-- Input data follows --

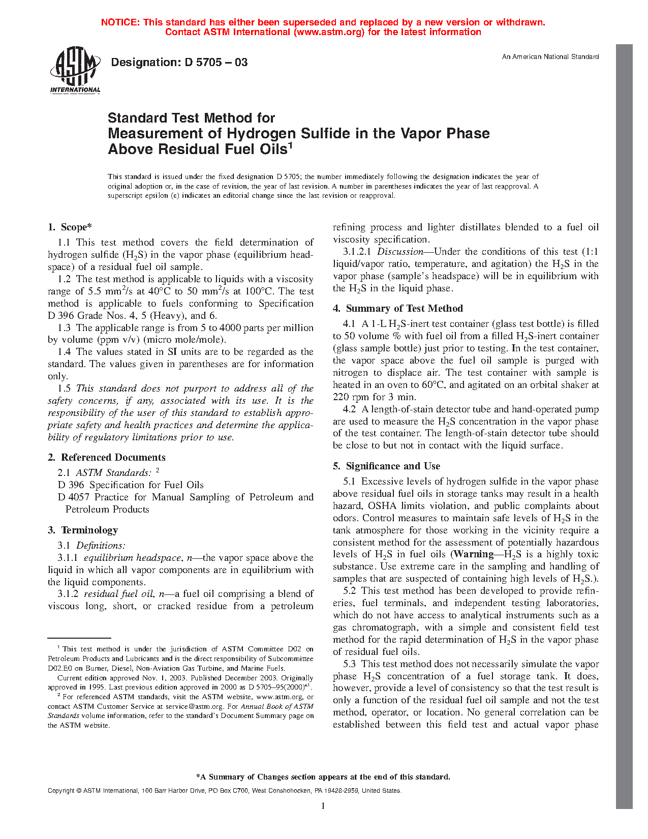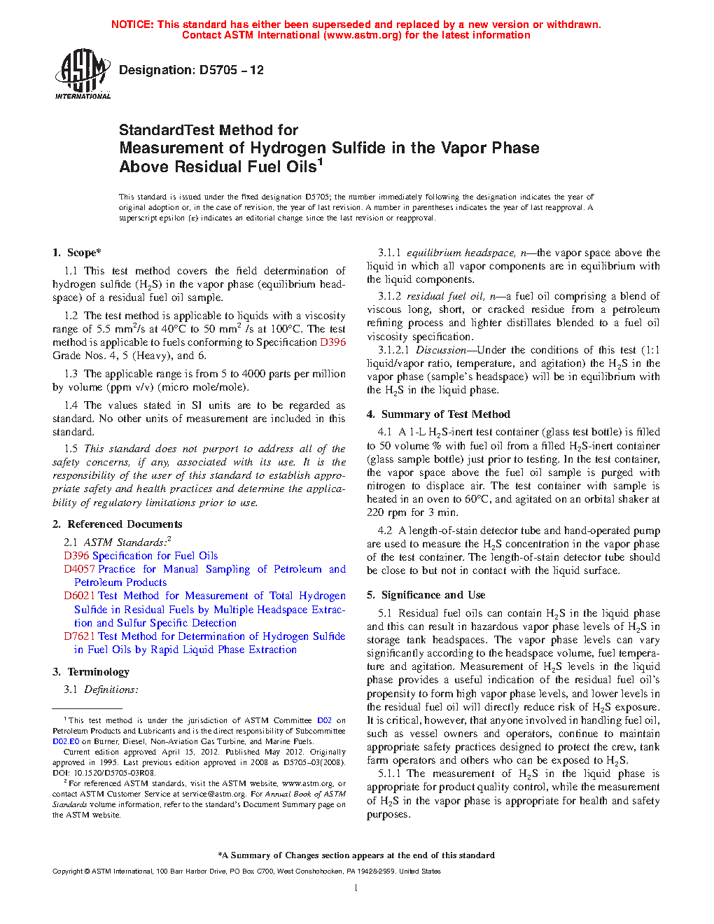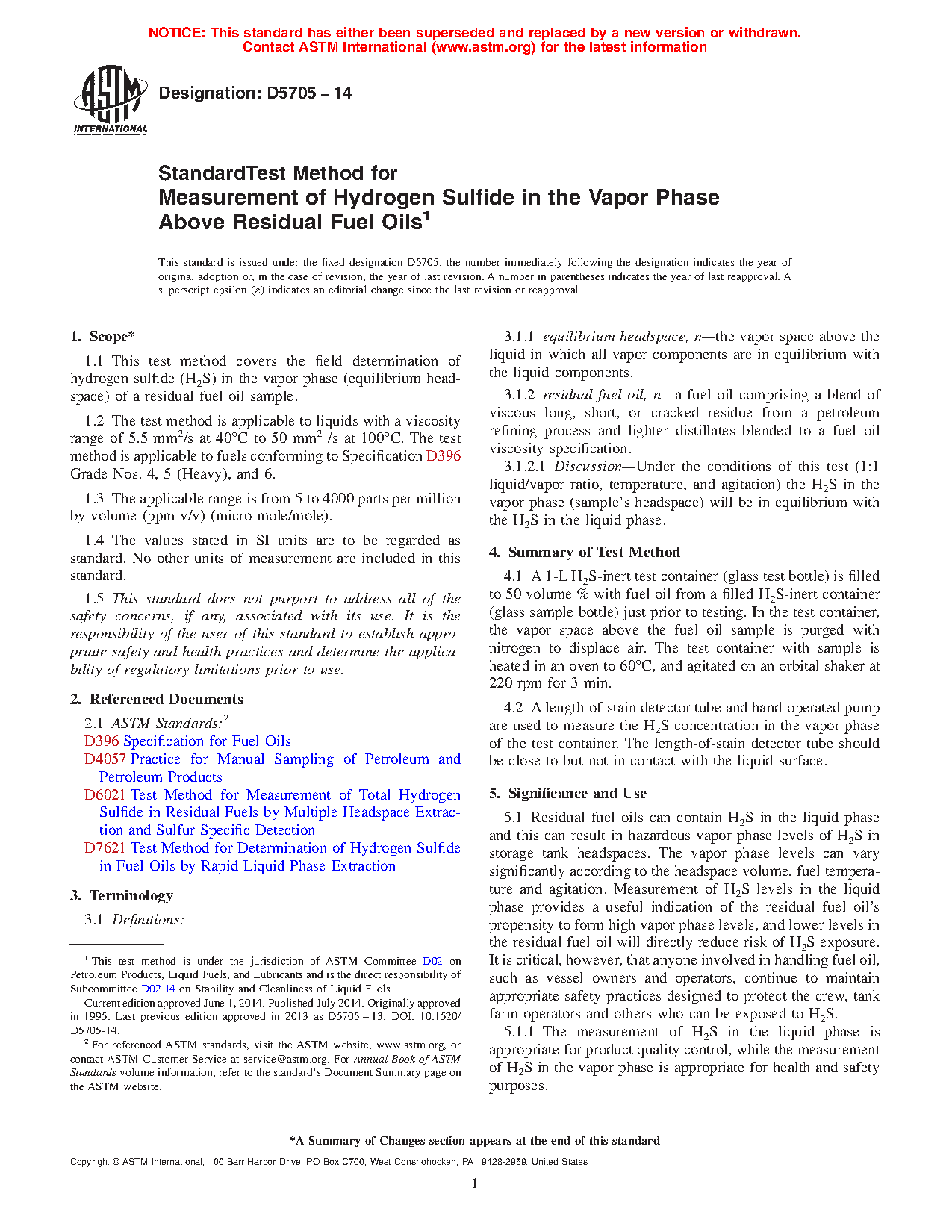 Note 1: D5705 is one of three test methods for quantitatively measuring H2S in residual fuels:
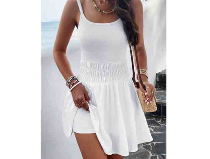 Make a splash this summer in this cute sundress by Beachsissi. Ribbed tee and ruched waist add sytle and flair. Size large. Made of polyester.
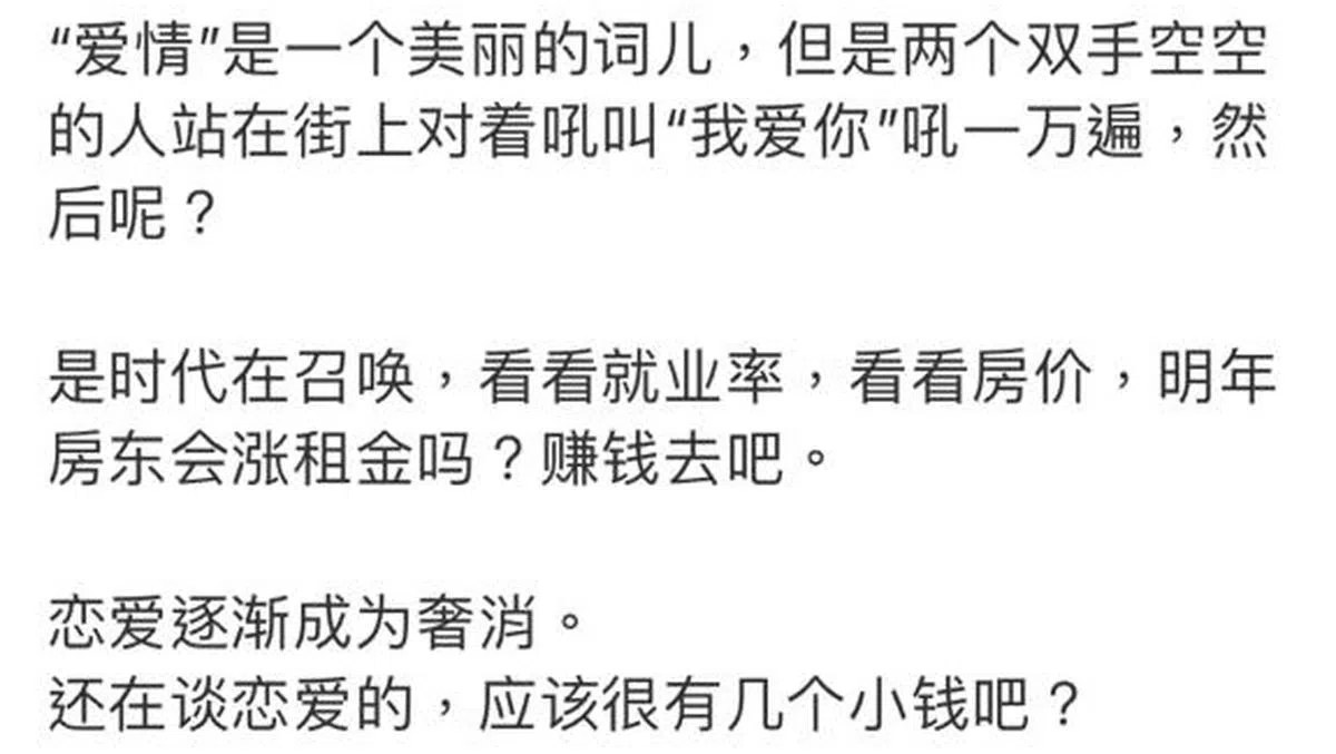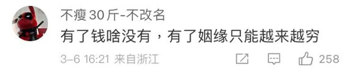 还有网民说这年头“没爱可以,没钱是真不行”,反正如今“爱情也归财神管”,一语道破当今年轻人“没钱拿什么谈爱情”的无奈。

-- Input data concluded --

● Assignment: Without the pictures, copy the material exactly as given.

● Written solution:
 Note 1: D5705 is one of three test methods for quantitatively measuring H2S in residual fuels:
 Make a splash this summer in this cute sundress by Beachsissi. Ribbed tee and ruched waist add sytle and flair. Size large. Made of polyester.
 还有网民说这年头“没爱可以,没钱是真不行”,反正如今“爱情也归财神管”,一语道破当今年轻人“没钱拿什么谈爱情”的无奈。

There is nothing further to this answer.